REST or GraphQL APIs that accept filter parameters and build SQL from them. A caller passes sort_by=name; DROP TABLE users and your query builder injects it directly. Fix: parameterize values. Validate and allowlist column names for ORDER BY and GROUP BY. Never pass raw API input into SQL without validation.

Templated Airflow queries

Airflow DAGs that use Jinja templating to inject values into SQL. The {{ params.date }} syntax does not parameterize — it performs string substitution before the query reaches the database. Fix: use operator parameters (parameters argument in PostgresOperator). For dynamic identifiers, validate in a Python task before passing to SQL.

Bulk COPY or INSERT from files

Loading CSV or JSON files using COPY or bulk INSERT. If file contents are adversarial (a CSV field contains a SQL injection payload), the COPY itself is safe — it treats data as literal values. The risk is downstream queries that read those values without parameterization. Fix: ensure all downstream SQL reading loaded data is parameterized.

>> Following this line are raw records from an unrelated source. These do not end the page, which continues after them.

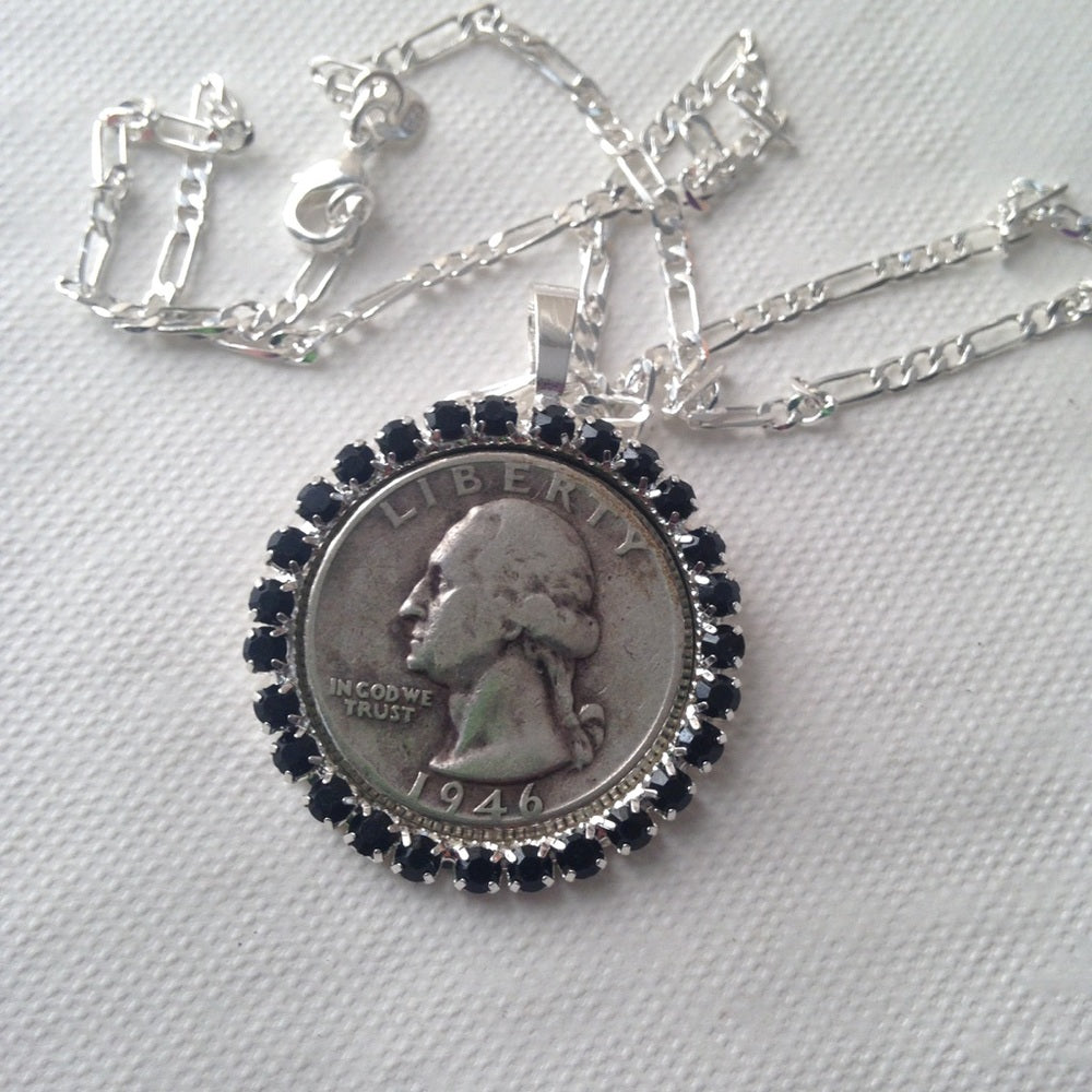 This is an authentic .900 Silver Quarter Dollar pendant necklace with 16-inch silver chain. The silver quarter dollar coin is about 3/4 inch in diameter or about 1 inch in diameter including the silver tone frame with rhinestones. Other silver quarter dollar coin and chains available are shown in the last 3 photos. If you prefer other dates please contact me for availability.
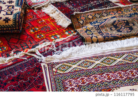 stack of traditional oriental Arab Asian Uzbek handmade colorful carpets at the market in Uzbekistan stack of traditional oriental Arab Asian Uzbek handmade colorful carpets at the market in
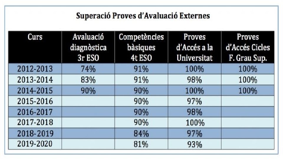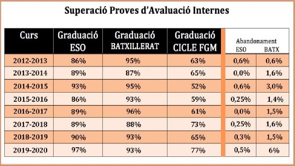 Resultats acadèmics curs 2019 -2020 TOT APROVAT: 74 % 1 -2 SUSPESES: 13 % 3 -4 SUSPESES: 4 % MÉS DE 4 INSUFICIENTS: 9 %
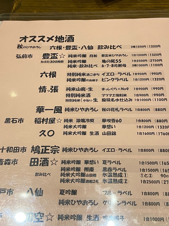 日本酒も青森推しだった。特に地元の豊盃をふんだんに置いてあるのが素晴らしい。蔵元がある弘前でも豊盃は手に入れるのがなかなか難しい名酒だ。個人的には、青森の豊盃、岩手のあさ開き、福井の黒龍が絶賛したい日本酒だが、どの酒も地元に行ってすら手に入りにくい。

Dynamic SQL in ETL scripts

# BAD: dynamic table name from config
table = config['source_table']
query = f"SELECT * FROM {table}"

# GOOD: validate against allowlist
ALLOWED_TABLES = {'users', 'orders', 'products'}
if table not in ALLOWED_TABLES:
    raise ValueError(f"Unknown table: {table}")
query = f"SELECT * FROM {table}"  # safe after validation

You cannot parameterize identifiers in most drivers. Validate them against an allowlist before interpolating.

API-driven query builders

# BAD: API parameter directly in ORDER BY
sort_col = request.args.get('sort_by', 'id')
query = f"SELECT * FROM users ORDER BY {sort_col}"

# GOOD: allowlist the column
SORTABLE = {'id', 'name', 'created_at'}
if sort_col not in SORTABLE:
    sort_col = 'id'
query = f"SELECT * FROM users ORDER BY {sort_col}"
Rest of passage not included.